In France, Justice System Faces Public Anger After 11-Year-Old Girl’s Killing


Protests took place in front of courthouses across France on Monday for the second consecutive week amid escalating public anger over the case of Lyhanna Rameau Bernard, an 11-year-old schoolgirl who disappeared in late May and was found dead days later.

The protests erupted after local authorities announced that a man arrested on suspicion of kidnapping Lyhanna, Jérôme Barella, had previously been reported to the police and other agencies, accused of several earlier instances of rape and assault, but not questioned in those cases by police officers. Asked about the accusations, Mr. Barella’s lawyers declined to comment.

The case has amplified a growing dissatisfaction in France over the effectiveness of the justice system, the resources allocated to it, and the ability of its different branches to pool information about people accused of sexual violence.

Lyhanna Rameau Bernard was an 11-year-old girl studying in Fleurance, a small town near Toulouse, in southwestern France. She vanished on May 29 after leaving school around 3 p.m., according to a missing-person report posted by local authorities.

A family photograph of Lyhanna Rameau Bernard.Credit…via Agence France-Presse — Getty Images

Two days later, the authorities announced that Mr. Barella, a 41-year-old maintenance worker, had been arrested in connection to her disappearance. A witness had reported seeing Lyhanna in Mr. Barella’s car, according to the French news media.

Lyhanna’s body was found on June 4 in a grain silo in a town roughly two hours’ drive from Lyhanna’s home.

Protesters say Lyhanna would not have been killed if Mr. Barella had been arrested in connection to earlier and unrelated accusations.

Clémence Meyer, a senior regional prosecutor, told reporters in early June that police had first been contacted in 2017 by a mother worried over her 17-year-old daughter’s relationship with Mr. Barella. But the girl said the relationship was consensual, so the report was closed without further action, Ms. Meyer said.

In 2020, Mr. Barella was fired from his job as a maintenance worker because of “an inappropriate relationship with a high school student,” Ms. Meyer said.

In 2022, a girl born in 2013 accused Mr. Barella of raping her at his home two years earlier, Ms. Meyer said. That case was dismissed after “thorough investigative measures did not provide sufficient evidence to substantiate these statements,” Ms. Meyer added.

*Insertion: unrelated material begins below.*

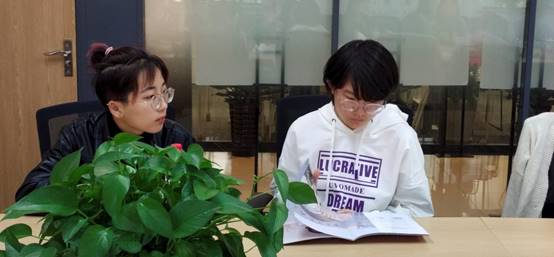 同学在认真翻阅“猴有戏儿童戏剧教育”公司手册
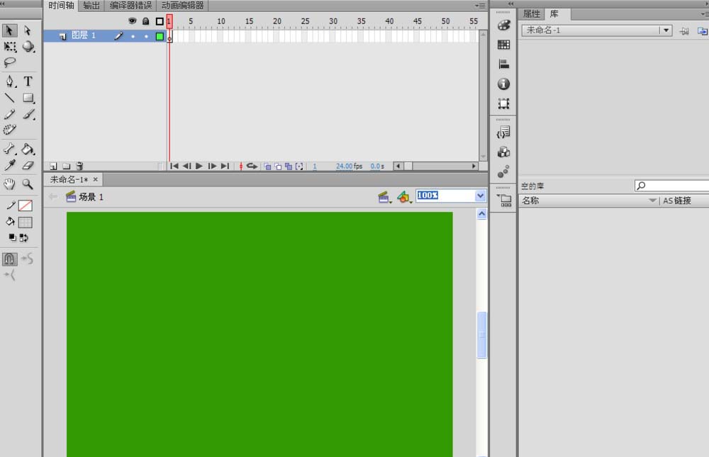 1、打開或新建一個空白的FLASH文檔,設(shè)置一種背景色(這里我設(shè)置為綠色)

In August 2025, a woman accused Mr. Barella of repeatedly raping her daughter, who was born in 2014, at his home. Ms. Meyer said that prosecutors were investigating that case when Lyhanna disappeared nine months later. Ms. Meyer added that Mr. Barella had not yet been questioned or detained in connection to it.

Lyhanna’s family did not respond to a request for a comment. Their lawyer, François Roujou de Boubée, speaking to reporters last week criticized France for allocating too few resources to the criminal justice system.

The case has compounded fears within French society that the authorities are failing to protect women and children from sexual violence. It follows that of Joël Le Scouarnec, a surgeon convicted of sexually abusing hundreds of children, and recent allegations of sexual abuse and other misconduct against more than 70 school workers in Paris.

The mayor of Lyhanna’s hometown, Grégory Bobbato, summarized those concerns last week at a march in Lyhanna’s memory, where he said that her killing was not an isolated case caused by individual mistakes but a “societal failure.”

Advocacy groups for women and children are demanding changes to how the judicial system investigates sexual violence. They have called for demonstrations to be held every Monday evening in front of courthouses around the country. Roughly 60,000 protesters gathered across the country last Monday in the first such demonstration, according to a government estimate.

The cause bridges the country’s political divides. Opposition leaders — including Mathilde Panot, the top lawmaker for France Unbowed, France’s far-left party, and Jordan Bardella, the leader of the French far-right party the National Rally — have called for the resignation of Gérald Darmanin, the justice minister.

Mr. Darmanin acknowledged in a TV interview that “the judicial system failed to protect this little girl” and apologized “to this family and to the French people, who are rightfully shocked and terrified to witness such failures.”

The government has launched an investigation into how the justice and interior ministries handled the previous complaints against Mr. Barella. President Emmanuel Macron has promised its findings would be made public by next week.

Mr. Darmanin said that the authorities had enough resources to investigate sexual violence but had not adequately prioritized such investigations, calling on regional prosecutors to focus more on those cases.

Of three million criminal complaints currently pending in France, 70,000 involved alleged rape or sexual abuse of minors, he said. He called on prosecutors to review all 70,000 by July 14.